Он наблюдал за продолжавшейся дуэлью зенитчиков со штурмующими их самолетами, он слышал, как все новые и новые зенитные батареи там, ближе к Москве, открывали огонь, а гул вражеских бомбардировщиков, несмотря ни на что, все удалялся на восток, и, значит, все ближе фашисты были к цели, и это удручало его. Он даже представил себе, как спешат сейчас одни москвичи к станциям метро, чтобы укрыться от бомбежки, другие же, вооруженные длинными щипцами, на манер каминных, только массивней, торопятся занять свои боевые посты, чтобы сбрасывать с крыш заводских цехов и жилых домов зажигательные бомбы. Он вполне разделял гнев шофера: «Где же «ястребки»?! Прорвутся ведь стервятники!» – и радость его, когда появились наконец наши самолеты, частью закружившиеся в лихих виражах с вражескими истребителями прикрытия, частью навалившиеся на упрямые бомбардировщики, и те, не выдержав еще большего упрямства наших асов, пустились наутек. Но все это воспринималось Владленом через главную свою мысль, через главное свое открытие: кому-то суждено уйти в небытие без всякого на то желания, но исходя из логики боя, а кому-то – совершенно случайно, от шальной пули, от шального снаряда…

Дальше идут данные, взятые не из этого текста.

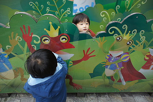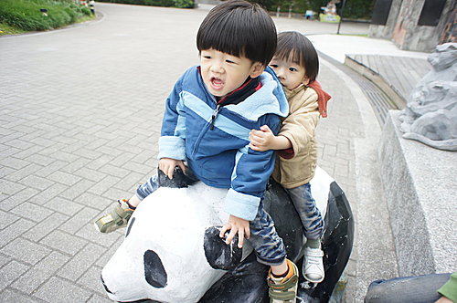 這是長頸鹿區, 兩小子, 走到粉累了...還一直想賴人抱....加油加油, 看續集去囉 !!
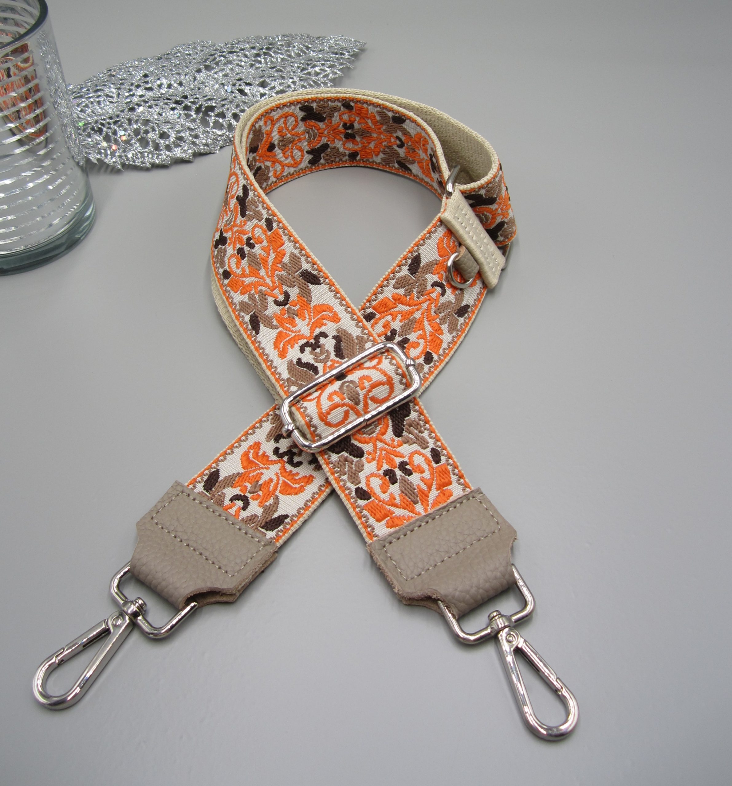Der Taschengurt mit dem blumigen Design ist das perfekte Accessoire, um deiner Handtasche oder Bauchtasche einen eleganten Look zu verleihen. Mit seinen schönen Ranken Design, ist dieser Gurt ein echter Hingucker und bringt sofort gute Laune in jedes Outfit.
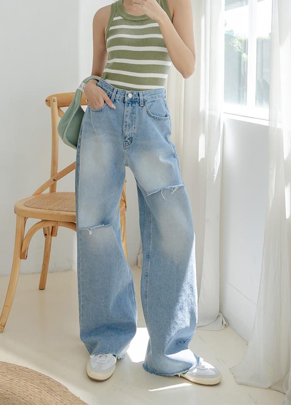 牛仔藍單品推薦八:抓破設計牛仔寬褲
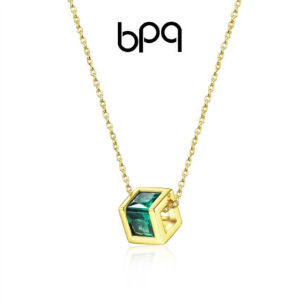 Geometric Green Gem Cube Necklace: Modern Gold – Toned Charm
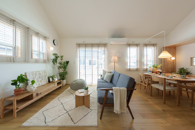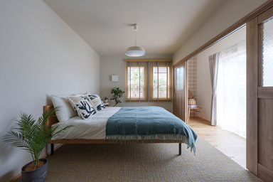 #和テイスト#工夫された空間づくり#アクセントクロス#シーリングファン#和室#土間
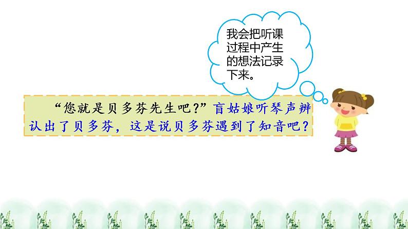 “您就是贝多芬先生吧?”盲姑娘听琴声辨认出了贝多芬,这是说贝多芬遇到了知音吧?
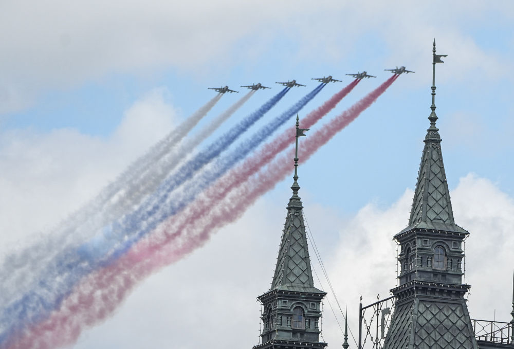 5月9日,在俄羅斯首都莫斯科,參加紀(jì)念蘇聯(lián)偉大衛(wèi)國戰(zhàn)爭勝利80周年閱兵式的戰(zhàn)機(jī)編隊(duì)拉煙飛行。新華社記者 賴向東 攝
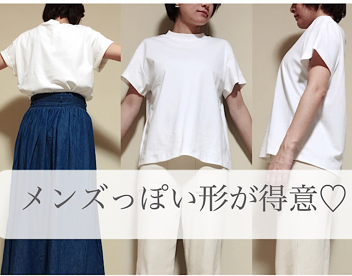 男女兼用で着られるような、生地の厚いゆったりたサイズ感の半袖トップスが良く似合います!
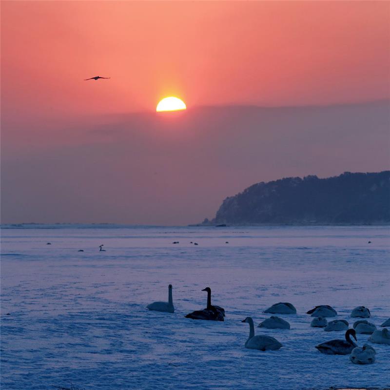 2016年1月25日,在一场暴风雪后,荣成天鹅湖再一次迎来了初升的太阳。

Он еще не знал, что через каких-то полчаса получит реальное подтверждение своему выводу. Поковыляв по корявой дороге остаток пути, выехали они на лесную опушку, но не сияющую зеркально в лучах закатного солнца настовой своей чистотой, а всю истерзанную бомбами, исполосованную глубокими щелями и траншеями, начинались которые от орудийных позиций и тянулись, местами почти примыкая друг к дружке, к лесу, где меж деревьев бугрились землянки с тройными бревенчатыми потолками. Поодаль от одной из таких землянок стояли понурившиеся зенитчики возле убитых, приготовленных к похоронам товарищей.
– Вот так после каждого налета… – грустно проговорил Иванов, снял фуражку и добавил: – Пойдем, лейтенант, проводим в последний путь. Тебе они неизвестны, а мне… Сколько я им снарядов подвез! И даже подносил. Крепкие мужики.

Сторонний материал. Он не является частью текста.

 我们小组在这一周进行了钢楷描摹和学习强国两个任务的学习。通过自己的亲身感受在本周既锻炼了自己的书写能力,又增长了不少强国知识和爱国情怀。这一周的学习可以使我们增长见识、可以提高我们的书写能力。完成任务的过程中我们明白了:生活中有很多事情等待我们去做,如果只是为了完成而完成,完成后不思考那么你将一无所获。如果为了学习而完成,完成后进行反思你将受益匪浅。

Владлен не стал вслед за Ивановым протискиваться к убитым, он остановился у плотной стены из согбенных спин в шинелях, в ватниках, в полушубках и замер, не решаясь потревожить их скорбное безмолвие. Подойти туда, где стоял комбат, без доклада тому о своем прибытии лейтенант считал невозможным, а доклад представлялся ему полнейшей нелепицей в такое время, вот он и стоял вроде бы со всеми вместе, но в то же время будто один, ибо не было у него той скорби, которая господствовала у отрытой уже братской могилы.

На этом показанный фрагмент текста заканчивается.